YOUR ASSIGNMENT: Retype every line from the top of the entries down to the one with "side of waistline.", both included, and skip the pictures.
START GIVEN DATA
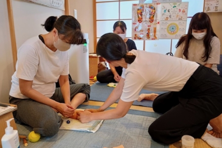 足裏の神経刺激により、肩コリ、腰痛の改善、脳の活性化、運動神経の向上、精神の安定、免疫力の強化に。棒を使用するので不調な場所は痛みを感じる事があります。食後は足揉みが出来ませんので、朝食は9時までにお済ませ下さい。
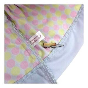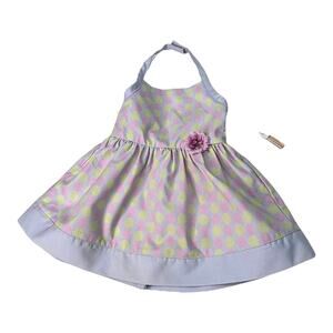 • Dress: Pastel dot dress with cornflower trim and halter neckline. Faux flower rosette on left side of waistline.
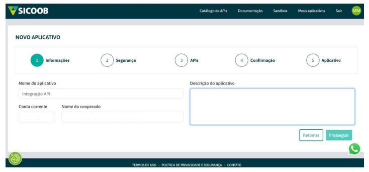 Caminho da tela abaixo: Portal Developers SICOOB>Novo Aplicativo>Informações
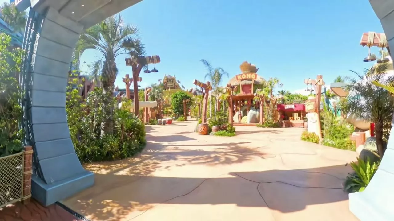 The journey to Donkey Kong Country starts intriguingly, requiring visitors to navigate through a rock-and-brick-lined tunnel accessible via the 1Up store within Super Nintendo World. Emerging from this pathway, visitors will step into a meticulously crafted environment, echoing the vibrant aesthetics familiar to fans of the Donkey Kong series. Towering palm trees, a replica of Donkey Kong’s iconic treehouse, and the majestic Golden Temple, are just a few of the sights that await.
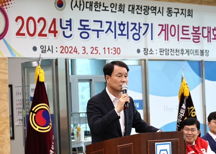[뉴스서치] 대전시의회 이상래 의장은 25일 판암전천후게이트볼장에서 개최된 ‘2024년 대한노인회 대전동구지회장기 게이트볼 대회’에 참석해 대한노인회 대전동구지회 박헌철 회장을 비롯한 대전 동구 게이트볼 협회 황청의 회장과 인사를 나누고 관계자들을 격려했다.
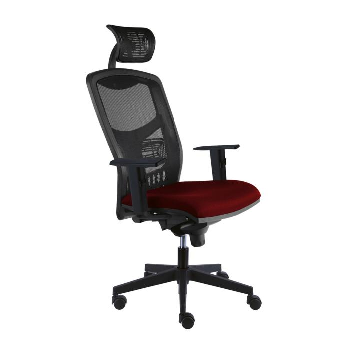 Moderná kancelárska stolička s vysokým fixným sieťovaným operadlom s výškovo nastaviteľnou bedrovou opierkou a s bohatým čalúnením sedadla.
END GIVEN DATA
SOLUTION FOR THIS PROBLEM:
 足裏の神経刺激により、肩コリ、腰痛の改善、脳の活性化、運動神経の向上、精神の安定、免疫力の強化に。棒を使用するので不調な場所は痛みを感じる事があります。食後は足揉みが出来ませんので、朝食は9時までにお済ませ下さい。
 • Dress: Pastel dot dress with cornflower trim and halter neckline. Faux flower rosette on left side of waistline.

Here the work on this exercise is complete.